Pandangannya mulai kabur. Kepalanya terasa berat. Bahkan kakinya sudah tak mampu menopang berat badannya.
Hingga terdengar sayup-sayup suara anak buahnya yang memanggil namanya. Tubuhnya terasa begitu lemah sehingga tak dapat menjawab panggilan tersebut.

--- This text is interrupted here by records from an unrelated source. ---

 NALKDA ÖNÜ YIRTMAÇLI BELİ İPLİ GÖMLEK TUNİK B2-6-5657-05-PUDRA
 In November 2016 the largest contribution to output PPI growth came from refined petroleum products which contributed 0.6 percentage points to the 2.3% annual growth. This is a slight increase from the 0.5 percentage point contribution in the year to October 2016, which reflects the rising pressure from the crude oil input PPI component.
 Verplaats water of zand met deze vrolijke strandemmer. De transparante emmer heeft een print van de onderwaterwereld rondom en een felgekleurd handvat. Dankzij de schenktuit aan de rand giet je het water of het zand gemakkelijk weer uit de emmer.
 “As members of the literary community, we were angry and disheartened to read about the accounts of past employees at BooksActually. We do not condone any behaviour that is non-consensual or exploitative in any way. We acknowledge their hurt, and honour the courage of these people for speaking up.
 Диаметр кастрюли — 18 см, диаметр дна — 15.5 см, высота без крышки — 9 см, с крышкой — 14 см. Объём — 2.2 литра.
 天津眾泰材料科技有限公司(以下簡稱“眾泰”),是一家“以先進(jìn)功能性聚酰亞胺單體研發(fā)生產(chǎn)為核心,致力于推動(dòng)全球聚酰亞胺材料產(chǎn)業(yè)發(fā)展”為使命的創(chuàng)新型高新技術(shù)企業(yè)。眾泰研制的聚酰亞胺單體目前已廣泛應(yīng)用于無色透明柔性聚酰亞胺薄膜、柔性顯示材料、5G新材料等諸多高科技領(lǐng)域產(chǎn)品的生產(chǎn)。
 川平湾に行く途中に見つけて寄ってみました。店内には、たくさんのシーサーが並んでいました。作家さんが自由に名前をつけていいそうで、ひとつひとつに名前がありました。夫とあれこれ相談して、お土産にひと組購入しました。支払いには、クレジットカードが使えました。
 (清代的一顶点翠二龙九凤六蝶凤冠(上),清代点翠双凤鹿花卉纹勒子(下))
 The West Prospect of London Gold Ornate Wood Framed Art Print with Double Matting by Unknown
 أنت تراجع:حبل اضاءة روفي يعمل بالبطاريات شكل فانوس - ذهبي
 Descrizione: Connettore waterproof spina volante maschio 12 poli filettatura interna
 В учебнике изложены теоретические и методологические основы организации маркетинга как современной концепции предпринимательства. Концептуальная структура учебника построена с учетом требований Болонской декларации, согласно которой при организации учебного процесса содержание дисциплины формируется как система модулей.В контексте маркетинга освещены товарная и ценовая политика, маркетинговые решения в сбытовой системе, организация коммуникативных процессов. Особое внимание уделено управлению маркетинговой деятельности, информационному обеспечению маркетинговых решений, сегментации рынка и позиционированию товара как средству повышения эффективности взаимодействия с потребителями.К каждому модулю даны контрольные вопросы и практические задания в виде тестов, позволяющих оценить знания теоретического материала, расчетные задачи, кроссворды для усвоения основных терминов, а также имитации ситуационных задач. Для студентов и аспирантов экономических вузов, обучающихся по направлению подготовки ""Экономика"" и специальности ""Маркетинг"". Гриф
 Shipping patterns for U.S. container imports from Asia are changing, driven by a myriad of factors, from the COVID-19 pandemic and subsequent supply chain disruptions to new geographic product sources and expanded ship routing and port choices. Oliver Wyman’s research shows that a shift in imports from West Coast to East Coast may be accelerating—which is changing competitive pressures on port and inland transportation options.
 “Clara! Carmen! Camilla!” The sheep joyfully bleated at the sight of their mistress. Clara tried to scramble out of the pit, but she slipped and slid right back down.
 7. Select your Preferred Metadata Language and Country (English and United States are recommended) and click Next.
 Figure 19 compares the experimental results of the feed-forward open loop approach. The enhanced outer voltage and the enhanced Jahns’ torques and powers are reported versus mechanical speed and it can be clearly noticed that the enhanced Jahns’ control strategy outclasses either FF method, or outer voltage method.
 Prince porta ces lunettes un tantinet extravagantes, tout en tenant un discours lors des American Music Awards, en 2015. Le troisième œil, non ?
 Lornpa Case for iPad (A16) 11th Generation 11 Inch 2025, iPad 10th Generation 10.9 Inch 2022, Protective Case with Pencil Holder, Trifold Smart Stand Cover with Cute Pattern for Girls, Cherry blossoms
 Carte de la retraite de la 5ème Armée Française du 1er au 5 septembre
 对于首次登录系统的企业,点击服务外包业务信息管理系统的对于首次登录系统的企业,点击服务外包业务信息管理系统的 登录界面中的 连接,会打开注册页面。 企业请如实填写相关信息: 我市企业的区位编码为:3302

Tubuhnya terjatuh tersungkur di lantai yang di penuhi noda merah.
"Alex, aku mencintaimu sampai kapanpun," suara wanita terdengar begitu lembut.
Alexander membuka mata. Ada seorang wanita cantik yang tersenyum teduh di hadapannya. Matanya begitu indah dan menawan.
Mata birunya begitu sejuk. Alexander berusaha meraih wajah cantik itu. Namun tangannya masih terasa sakit.
"Kau sudah sadar? Apa yang kau rasakan sekarang?" Tanya Debora yang meraih tangan Alexander.